The Minneapolis Park Board rejected a $43 million redesign of the Hiawatha Golf Course for a second time Wednesday night following a zealous debate between ecological sustainability and historic preservation.
Park staff have recommended reducing the number of holes from 18 to nine in hopes of improving flood resiliency and reducing excessive groundwater pumping at the low-lying course abutting Lake Hiawatha. The 5-4 decision means the course will remain unchanged, with 18 holes.
The plan was the result of a yearslong process that included a community advisory committee, extensive public engagement and multiple Park Board meetings prolonged by passionate pushback from those who opposed any change, those who wanted to revert the golf course to its natural form as a floodplain and other views in between.

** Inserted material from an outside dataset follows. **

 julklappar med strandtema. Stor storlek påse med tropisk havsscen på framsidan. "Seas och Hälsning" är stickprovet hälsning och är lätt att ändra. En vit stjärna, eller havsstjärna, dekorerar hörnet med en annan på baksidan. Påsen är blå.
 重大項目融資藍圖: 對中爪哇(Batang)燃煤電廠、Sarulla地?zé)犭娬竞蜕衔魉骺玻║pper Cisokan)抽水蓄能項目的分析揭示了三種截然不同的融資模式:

It went before the Park Board for a vote in April and failed on a technicality then. Commissioners resurrected it for a second try.

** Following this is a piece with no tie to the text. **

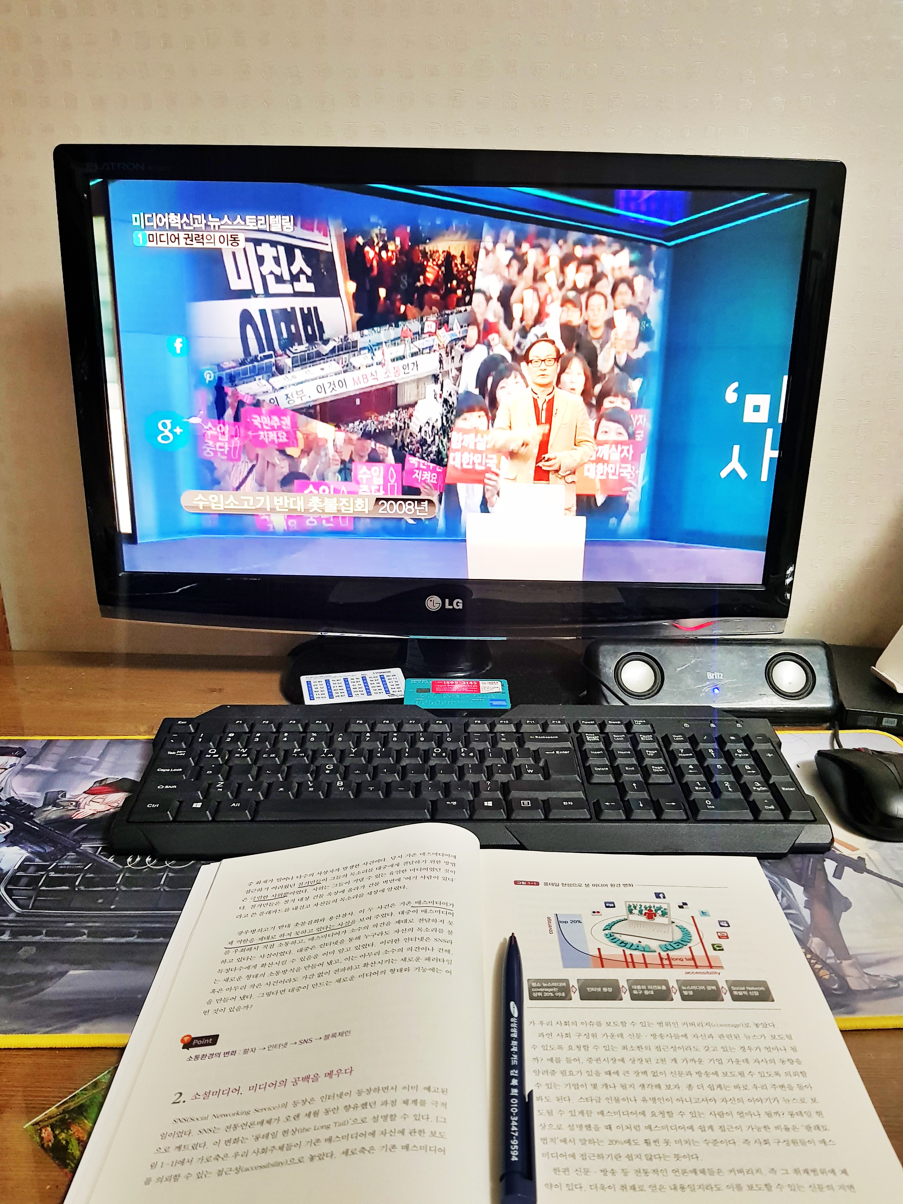 소셜미디어에 대해 설명하며 2008년 광우병 촛불집회 얘기가 나오네요. 당시 대중들은 기성언론 대신 직접 개인방송으로 현장을 중계하거나 다음 아고라에 모여 여론을 형성했습니다. 저도 당시 아고라에서 활동했던지라 그 시절 기억이 생생합니다.

"We have an obligation to ecology here," park landscape architect Tyler Pederson urged in his presentation of the plan. "Even though this year is drier, overall we are getting wetter and hotter. … This plan pushes toward a balance of golf and other activities set in the landscape, guided by water management. … It recognizes that restoration of natural processes are a goal greater than those supporting human activities on the site."
In 2014, storms inundated Hiawatha Golf Course and kept swaths of it out of service for more than a year.

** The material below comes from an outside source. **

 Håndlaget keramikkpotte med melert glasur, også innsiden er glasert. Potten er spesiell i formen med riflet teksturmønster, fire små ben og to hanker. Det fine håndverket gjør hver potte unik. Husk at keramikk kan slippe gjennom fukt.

Even on clear days, the Park Board pumps groundwater out of the course to keep it dry enough for play because the course sits below the level of Lake Hiawatha and would fill with water without constant intervention. The board pumps more than 300 million gallons of groundwater a year from the course, in excess of state water appropriation laws. It is currently operating on a temporary DNR permit that calls for a long-term solution.
Hiawatha's significance to Black golfers was a key sticking point in the fight over its future. For decades it has hosted the Upper Midwest Bronze Golf Tournament, created in 1939 for Black golfers when the Professional Golfers Association would admit whites only. Even so, Black golfers weren't allowed inside the clubhouse until Minneapolis golf champion Solomon Hughes Sr. fought to integrate it.